Entertainment profile

Henry Hopkins: German-American Irish piper

Posted: Thursday, April 27, 2000

Playing like mad: Henry Hopkins, 32, loves Irish music. He's been a regular musician on the contra dance scene and an enthusiastic addition to Irish sessions since he moved from Fairbanks to Juneau last summer with his family.

He plays tenor banjo and uilleann pipes, the smaller cousin to the Scottish great highland pipes. He knows of only three other uilleann pipers in Alaska.

``They're incredibly difficult instruments to learn. About 60 percent of my time I spend learning to make reeds, and 40 percent playing like mad until they go out again,'' he said.

The reeds are tricky, and Hopkins carefully whittles the double reed sets out of cane and binds them to brass tubing with hemp.

``To me, the pipes embody Irish music, and all this reed making is a technical challenge I'm willing to take,'' he said.

Unlike the Scottish highland pipes, a loud, military instrument, uilleann pipes are a quieter indoor instrument with a greater musical range, comparable to a baroque oboe. ``Uilleann'' means elbow in Gaelic.

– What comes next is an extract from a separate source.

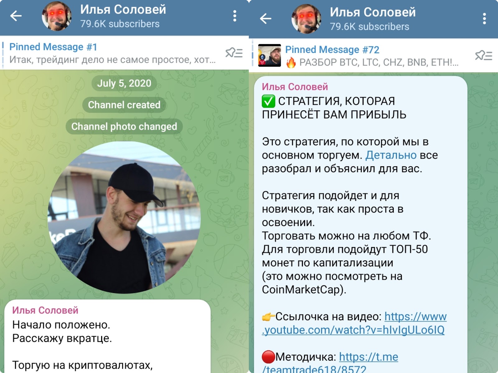Трейдер с Москвы Илья Соловей ведет Тг канал по крипте с 5 июля 2020 года. На него подписано 79.6k человек. Постами интересуются до 20k пользователей, и это хороший показатель активности.
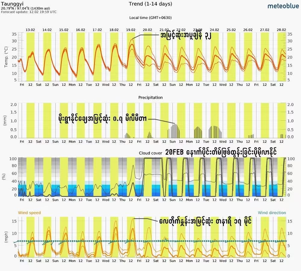根据气象专家吴温乃(U Win Naing)的预测,本周掸邦全境降雨概率较低,南部和东部地区可能出现多云天气。大其力(Tachileik)和景栋(Kengtung)在2月19日左右可能会有零星小雨,但预计雨量不大。

Rather than blowing into uilleann pipes, players use an elbow to pump air into a bag, which feeds air into the other parts of the instrument.

Too crowded: Hopkins father is American and his mother is German. He grew up in Bochum, in north central Germany. They lived near a British military base, and young Hopkins used to listen to the Irish music broadcast by the base radio station.

``My dad is a harpsichord player and plays professionally with the Bochum Orchestra. He's also a university professor there,'' he said.

He said he decided to emigrate to the United States at age 20 because Germany was too crowded.

Technology mentor: By day Hopkins is a technology mentor for the Juneau School District.

``I work at all the secondary sites in math and science, and help teachers implement technology in their classrooms,'' he said.

He and his wife, Sarah, have a 3-year old daughter, Emma.

Teen-age rebellion: Hopkins is a self-taught piper, although he grew up playing violin and harpsichord in a musical family.

``I watched old guys play when I was younger. That was the impetus. I started as a classical musician as a kid and switched to folk music. My family is heavily into classical music and that was my teen-age rebellion,'' Hopkins said.